—No tengo sino mucho amor por vos, y mucho empeño por todo lo que os concierne.

—¿Y á qué convento creeis mejor dirigirse?

—Mirad, se trata de fundar uno de Carmelitas descalzas, bajo la advocacion de Santa Teresa: sé, á no dudarlo, que Doña Beatriz de Rivera, alucinada por la Madre Sor Inés de la Cruz, profesa del de Jesus María, apoya la fundacion. Esta Madre Sor Inés tiene fama de ser inspirada, ha llegado á dominar á Doña Beatriz, ¿por qué no dominaria tambien á vuestra hermana mas débil que Doña Beatriz, hasta obligarla á tomar el velo?

—Pero ni yo, ni Blanca, conocemos á Sor Inés.

—No importa, haced una donacion de reales para la fundacion, que podeis enviar por medio de Blanca á Sor Inés para que la presente al Arzobispo, y es un medio muy gracioso para que comiencen esas relaciones; tanto mas, que Sor Inés es muy protegida de Doña Beatriz, amiga de vuestra hermana.

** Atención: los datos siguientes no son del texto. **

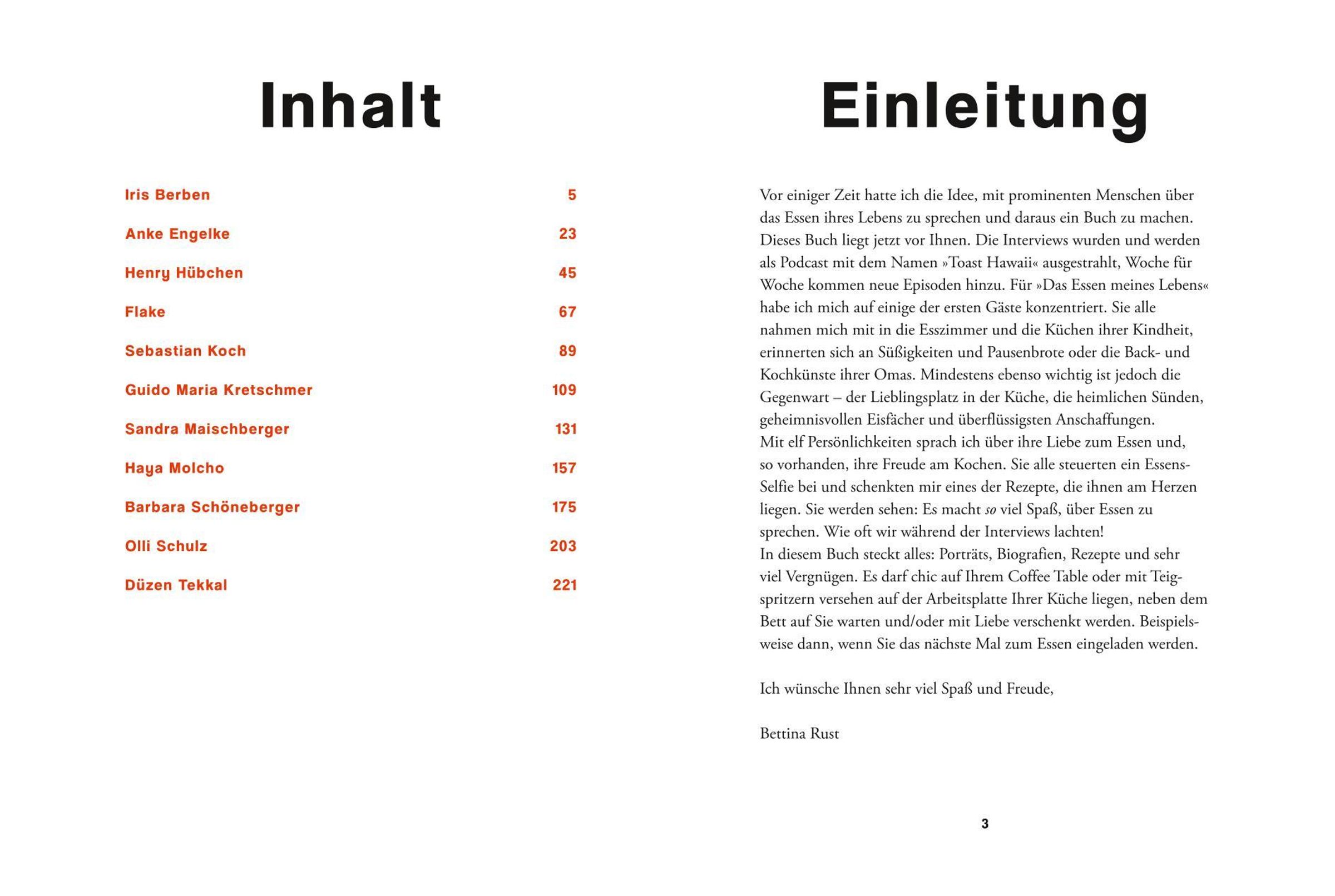 ... auf diese eingängige Formel könnte man das Erfolgsrezept der Moderatorin und Journalistin Bettina Rust bringen, die in ihrem Podcast "Toast Hawaii" hochkarätige Gäste in ihrer Küche empfängt. Prominente wie Anke Engelke, Guido Maria Kretschmer, Olli Schulz oder Iris Berben erzählen über ihre ganz persönlichen kulinarischen Vorlieben oder Abneigungen, aber auch über ihre Wünsche und Träume, ihre Erinnerungen und Familiengeschichten. In ihrem Buch zeichnet Bettina Rust intime Porträts einzigartiger Persönlichkeiten, die wir über das Thema "Essen" ganz neu kennenlernen - denn die inspirierendsten Gespräche werden bekanntlich in der Küche geführt.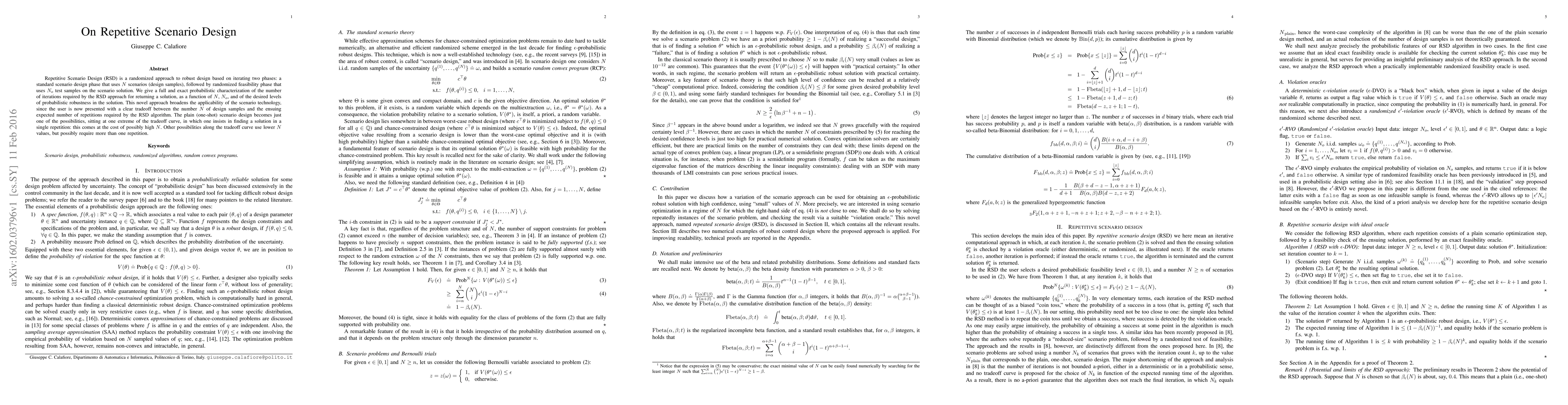 This paper introduces Repetitive Scenario Design, a method for robust design that balances between scenario diversity (N) and repetition count (N_o), offering a tradeoff curve for finding solutions with desired probabilistic robustness.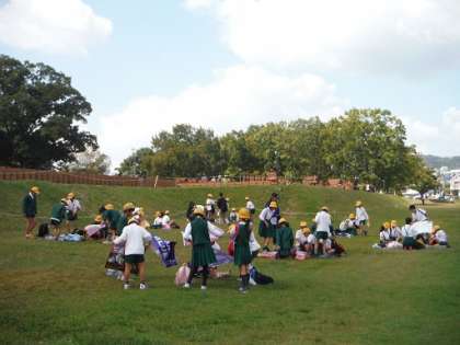 その後、今城塚古墳を見学し、埴輪祭祀場のそばで、古代のロマンを感じながらお弁当を食べました。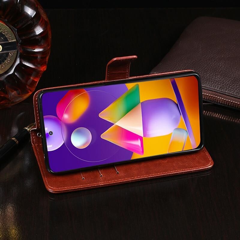 Για Samsung Galaxy M31s idewei θήκη δέρματος οριζόντιας αναδίπλωσης με υφή Crazy Horse με βάση & υποδοχές καρτών & πορτοφόλι (Μαύρο) (idewei)

—Pero eso me costará la amistad de Don Alonso, y pierdo algunos negocios que con él tengo pendientes.

—¿Y esos negocios os producirán lo que perdeis en caso de que Doña Blanca no profese?

—Ni la décima parte.

—Entonces no hay ni que vacilar.

—Cada dia os encuentro mas digna de ser adorada—dijo Don Pedro besando á Luisa en la boca.